## Exercise data
# # # # #

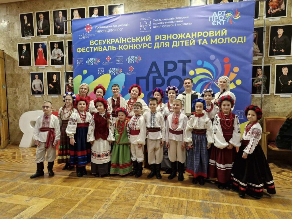 Володарі ГРАН-ПРІ Всеукраїнського різножанрового фестивалю – конкурсу «АртПроєкт» у Хмельницькому- молодший склад зразкового фольклорного гурту “Щедрик” (керівник Тетяна Маліновська)!
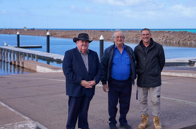 Dredging of the Whyalla Marin began on Monday November 10. Pictured is Mayor Phill Stone, Sea Rescue Peter Olivier and Dock Demolition Project Manager Anthony Bray. (Supplied).
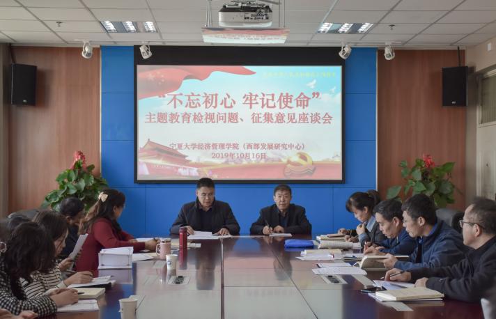为引导党员干部牢记党的宗旨,坚持实事求是的思想路线,10月16日下午,beat365在线官网入口于贺兰山校区文荟楼904教室举办“不忘初心,牢记使命”主题教育检视问题暨征集意见座谈会。中心组成员,三办主任,系主任,支部书记及行政坐班人员到场参加。会议由经理杨国涛主持。
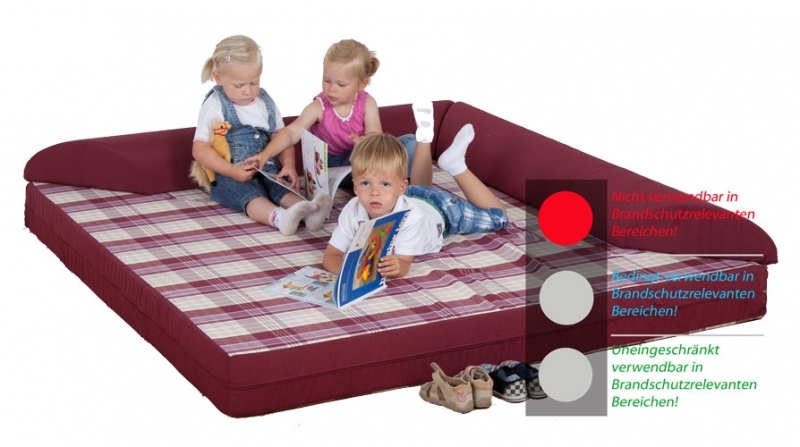 Die Polsterung sowie die Bezüge sind auch in brandgeschützter Ausführung (B1) lieferbar. D

# # # # #

## The task
What is needed is an exact copy of every line from the one with "为引导党员干部牢记党的宗旨,坚持实事求是" to the end of the listing above, with the pictures left out.

## Answer to this problem
为引导党员干部牢记党的宗旨,坚持实事求是的思想路线,10月16日下午,beat365在线官网入口于贺兰山校区文荟楼904教室举办“不忘初心,牢记使命”主题教育检视问题暨征集意见座谈会。中心组成员,三办主任,系主任,支部书记及行政坐班人员到场参加。会议由经理杨国涛主持。
 Die Polsterung sowie die Bezüge sind auch in brandgeschützter Ausführung (B1) lieferbar. D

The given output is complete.